6. メインアイランドの空 コンクリートジャングルの女王
(やっと慣れてきたな!)
ミラの所属する部隊が移民船の中を飛ぶことなんてそうそうない。過去に一度だけ訓練をしたことがあるが、市民が生活していることもあり、ほとんど体験飛行のようなもので終わっている。ましてやドッグファイトなど初である。大気や人工重力があることでこれほど変わるとは思っていなかった。
ちら、と背後を確認すると、後ろに敵機はぞろぞろくっついてきていた。
「こちらサミー。ラプターの後ろを三機が追っています。その後ろを私が追い、上空からはドルフィンが待ち構えています」
「了解した、サミー。飛ばす」
ミラは目の前に現れたテレビ塔の下に潜ると、そのままさらに下降して橋脚の下に潜り込む。
(ぎりぎりだ……)
だが、自分ができるのだから、サミーは難なくできるはずだ。続いて車が乗り捨てられた無人のスクランブル交差点に急降下。十メートルまで迫って急上昇。

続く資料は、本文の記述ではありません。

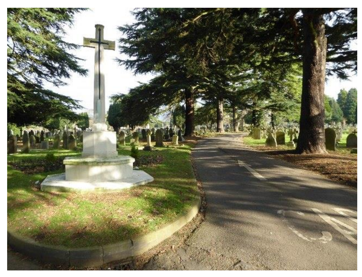
Cross of Sacrifice in Cheltenham Cemetery, Gloucestershire

敵機の放ったビーム砲が地面に突き刺さって自動車が吹っ飛びアスファルトが沸騰する。ファッションビル上空、映画の宣伝をしていたホロ映像の中に突っ込むと敵機はバランスを崩しながらホロを避けて上昇。
(視覚でも情報を得ているな……)
ミラは冷静だった。鋭角ループのために急上昇した彼女はループの頂上で素早く反転し、上昇をかけてきた敵機に真正面からミサイルを放った。
「命中!」
「地上管制へ。こちらドルフィン。ラプターの敵機撃墜を確認。スクランブル交差点のど真ん中に落下。市民の犠牲者は見受けられない。至急消防隊派遣を要請」
ミラを追ってきた一機目を撃墜したのち、二機目は逃走したのでそれを追う。三機目が見当たらない。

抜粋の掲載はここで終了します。